도 58은, 태스크들 (T140, T150, T160, T170, T180, T410, T420, T430, T510, T530, T610, T630, 및 T640) 을 포함하는 일 구성에 따라 재생된 오디오 신호를 프로세싱하는 방법 (M220) 의 흐름도를 도시한다. 태스크 (T610) 는 (예를 들어, 잡음 기준 (S30), 서브대역 필터 어레이 (SG30), 및 등화기 (EQ100) 를 참조하여 여기에 설명된 바와 같이) 현재 프레임 서브대역 전력 추정치들을 획득하도록 바이쿼드 서브대역 필터들을 통해 멀티채널 감지된 오디오 신호로부터 잡음 기준을 프로세싱한다. 잡음 기준의 서브대역들 각각에 대해, 태스크 (T630) 는 (예를 들어, 서브대역 전력 추정치 계산기 (EC120) 를 참조하여 상술된 바와 같이) 시간에서의 평활화된 전력 추정치를 업데이트한다. 태스크들 (T430 및 T630) 에 의해 생성된 서브대역 전력 추정치들에 대해, 태스크 (T640) 는 (예를 들어, 최대화기 (MAX10) 를 참조하여 상술된 바와 같이) 각각의 서브대역에서 최대 전력 추정치를 취한다. 재생된 오디오 신호가 음성 활성도를 현재 포함한다는 표시에 응답하여 방법 (M220) 을 수행하는 것이 바람직할 수도 있다.58 illustrates a method of processing a reproduced audio signal in accordance with one configuration including tasks T140, T150, T160, T170, T180, T410, T420, T430, T510, T530, T610, T630, and T640 ( A flow chart of M220 is shown. Task T610 is configured to obtain current frame subband power estimates (eg, as described herein with reference to noise reference S30, subband filter array SG30, and equalizer EQ100). Quad subband filters process the noise reference from the multichannel sensed audio signal. For each of the subbands of the noise reference, task T630 updates the smoothed power estimate in time (eg, as described above with reference to subband power estimate calculator EC120). For the subband power estimates generated by tasks T430 and T630, task T640 is the maximum power estimate in each subband (eg, as described above with reference to maximizer MAX10). Take It may be desirable to perform the method M220 in response to an indication that the reproduced audio signal currently includes voice activity.

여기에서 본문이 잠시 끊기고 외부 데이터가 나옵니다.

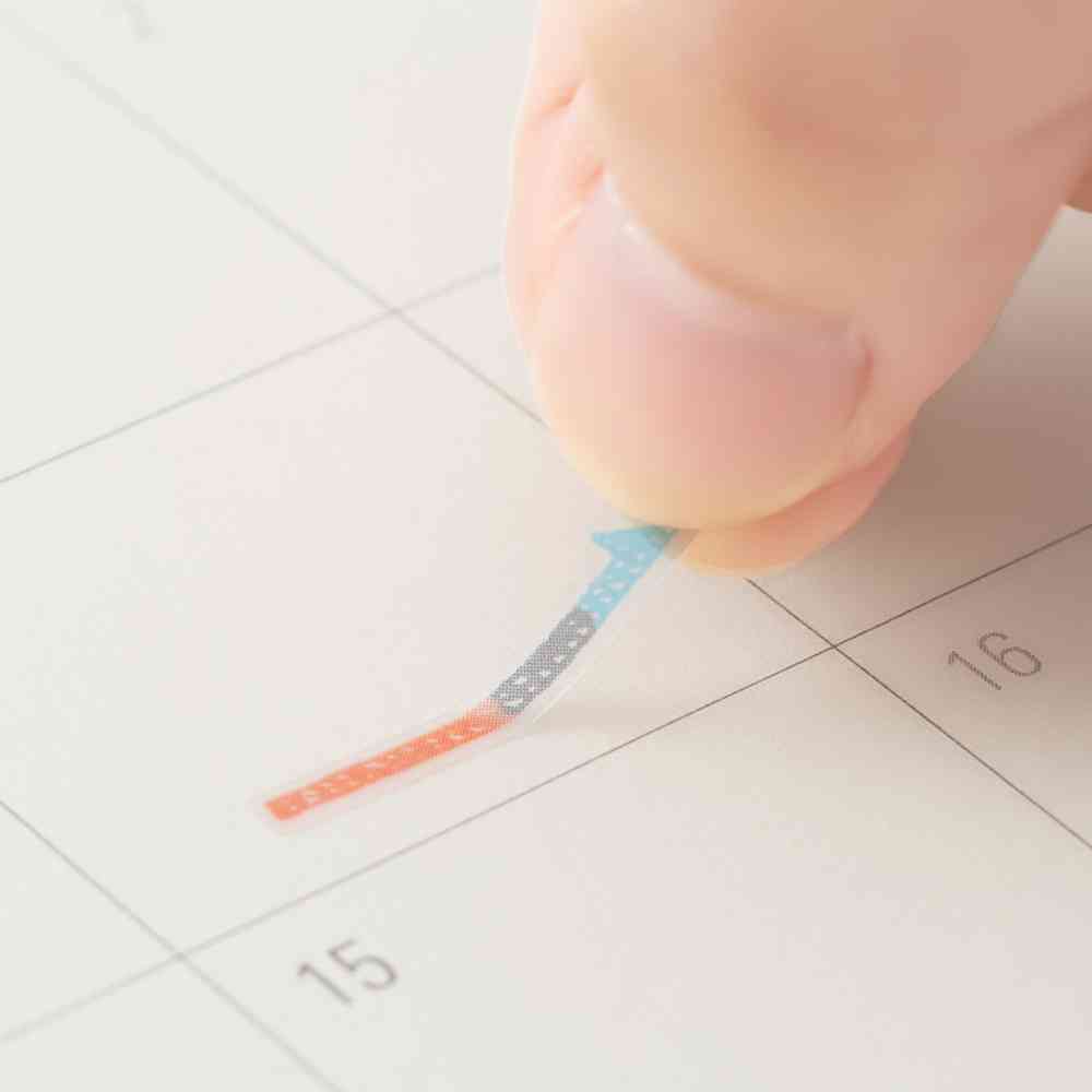 貼ってはがせる予定シール。 長期予定を見やすく管理するためのシールです。 横にも縦にも貼れるので、月間ページ、週間ページ、どちらにもお使いいただけます。色鉛筆の手描きタッチが優しいデザインです。 ミシン目入りで上下に2分割できるので、必要な分だけ携帯できます。

도 59a는 태스크들 (T810, T820, 및 T830) 을 포함하는 일반적인 구성에 따라 재생된 오디오 신호를 프로세싱하는 방법 (M300) 의 흐름도를 도시하며, 오디오 신호들을 프로세싱하도록 구성된 디바이스 (예를 들어, 여기에 개시된 통신 및/또는 오디오 재생 디바이스의 다수의 예들 중 하나) 에 의해 수행될 수도 있다. 태스크 (T810) 는 (예를 들어, SSP 필터 (SS10) 를 참조하여 상술된 바와 같이) 소스 신호 및 잡음 기준을 생성하도록 멀티채널 감지된 오디오 신호에 대해 지향성 프로세싱 동작을 수행한다. 태스크 (T820) 는 (예를 들어, 등화기 (EQ10) 를 참조하여 상술된 바와 같이) 등화된 오디오 신호를 생성하도록 재생된 오디오 신호를 등화시킨다. 태스크 (T820) 는, 잡음 기준으로부터의 정보에 기초하여, 재생된 오디오 신호의 적어도 하나의 주파수 서브대역을 재생된 오디오 신호의 적어도 하나의 다른 주파수 서브대역에 대해 부스팅시키는 태스크 (T830) 를 포함한다.FIG. 59A shows a flowchart of a method M300 for processing a reproduced audio signal in accordance with a general configuration including tasks T810, T820, and T830, including a device configured to process audio signals (eg, herein One of a number of examples of the communication and / or audio playback device disclosed in FIG. Task T810 performs a directional processing operation on the multichannel sensed audio signal to generate a source signal and a noise reference (eg, as described above with reference to SSP filter SS10). Task T820 equalizes the reproduced audio signal to produce an equalized audio signal (eg, as described above with reference to equalizer EQ10). Task T820 includes task T830 for boosting at least one frequency subband of the reproduced audio signal to at least one other frequency subband of the reproduced audio signal based on the information from the noise reference. .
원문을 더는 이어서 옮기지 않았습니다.